Top educational administrators in the United Kingdom are taking matters into their own hands by creating an advisory board on artificial intelligence and warning that the risks of the technology constitute the “greatest threat” to schools.
According to Education Secretary Gillian Keegan, artificial intelligence (AI) has the potential to “transform” the way that the United Kingdom approaches education. She claimed that the technology might eliminate the “heavy lifting” that teachers currently perform on a daily basis, such as creating lesson plans.
Students all over the world have reported using ChatGPT since it was released last year to help with academic work, such as for term paper research.
This month, eight educators wrote a letter to The Times of London expressing concern that, despite the potential benefits of AI for students and teachers, the hazards associated with the technology are viewed as the “greatest threat” to educational institutions.
As leaders in state and independent schools, they see AI as both the biggest danger and the greatest opportunity for the students, teachers, and institutions. Schools are perplexed by the extremely rapid rate of development in AI and seek reliable counsel on the best course of action.
The instructors, who included the heads of prep schools like Epsom College, Magdalen College School, and Wellington College, claimed that schools are perplexed by the extremely rapid rate of development in AI and lack a sounding board to manage it.
They don’t have any confidence that the big digital businesses will be able to self-regulate in the best interests of the kids, faculty, and institutions. The instructors wrote that they are happy that Prime Minister Rishi Sunak has stated that “guardrails” on artificial intelligence ought to be put in place, but that historically the government has not demonstrated that it is capable of or willing to do so.
They said that the development of AI is happening too quickly for local authorities to provide the real-time advice schools need, so they devised an advisory board as their own solution.
As a result, they announced today the creation of a cross-sector group of influential teachers in their schools, led by a panel of outside digital and AI experts, to advise schools on which advancements in AI are most likely to be positive and which are most likely to be negative.
The letter’s author and president of Epsom College, Anthony Seldon, told that while AI may represent the printing press for this generation, its perils are more serious than any threat that has ever faced schools.
People startle easily and become like rabbit in headlights. Things are changing every week. The use of technology for [children’s] learning, stimulation, and care is deeply concerning. Seldon stated at a meeting for school leaders this month that relationships and human contact are the foundation of mental wellness.

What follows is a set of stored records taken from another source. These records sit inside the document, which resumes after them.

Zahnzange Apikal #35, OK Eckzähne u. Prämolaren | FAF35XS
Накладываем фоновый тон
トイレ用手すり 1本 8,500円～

He continued by expressing fear that young people who spend so much time engaging with augmented reality and virtual reality will become disconnected from reality.
Their understanding of what is real and what is normal, what is true and false, would gradually dissolve as learning gets more technical, he predicted.

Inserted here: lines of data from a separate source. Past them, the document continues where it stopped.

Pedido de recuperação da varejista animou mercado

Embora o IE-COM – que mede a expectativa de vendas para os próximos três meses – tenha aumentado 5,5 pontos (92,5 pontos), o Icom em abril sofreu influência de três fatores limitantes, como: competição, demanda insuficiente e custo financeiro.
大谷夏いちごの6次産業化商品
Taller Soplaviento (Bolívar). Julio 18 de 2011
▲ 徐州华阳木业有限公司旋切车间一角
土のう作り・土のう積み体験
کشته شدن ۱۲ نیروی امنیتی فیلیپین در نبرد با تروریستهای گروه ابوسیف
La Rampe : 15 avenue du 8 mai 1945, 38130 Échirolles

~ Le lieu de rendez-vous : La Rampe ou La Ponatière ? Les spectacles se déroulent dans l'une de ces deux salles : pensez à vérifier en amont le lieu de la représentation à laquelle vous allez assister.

According to U.S. surveys, younger generations use ChatGPT and other AI systems more frequently than older ones. College students say they use the platform primarily for English school work, followed by mathematics and social science, and that they use it more frequently than earlier generations. Gen Z, those born between 1997 and 2013, reported using the technology more frequently than older generations.
Due to worries about cheating and false information, public school systems like New York City Public Schools and the Los Angeles Unified School District earlier this year limited the use of ChatGPT in K–12 classrooms.
ChatGPT is trained by saving text from the internet and referencing it when responding to people. Students who use technology for classwork run the risk of receiving incorrect information — the system has been known to “hallucinate” and provide answers that seem accurate but aren’t — and even plagiarism.
A group of instructors in the UK is preparing to launch a website with advice for teachers on whether to adopt or reject AI technologies, under the direction of 15 science or technology educators.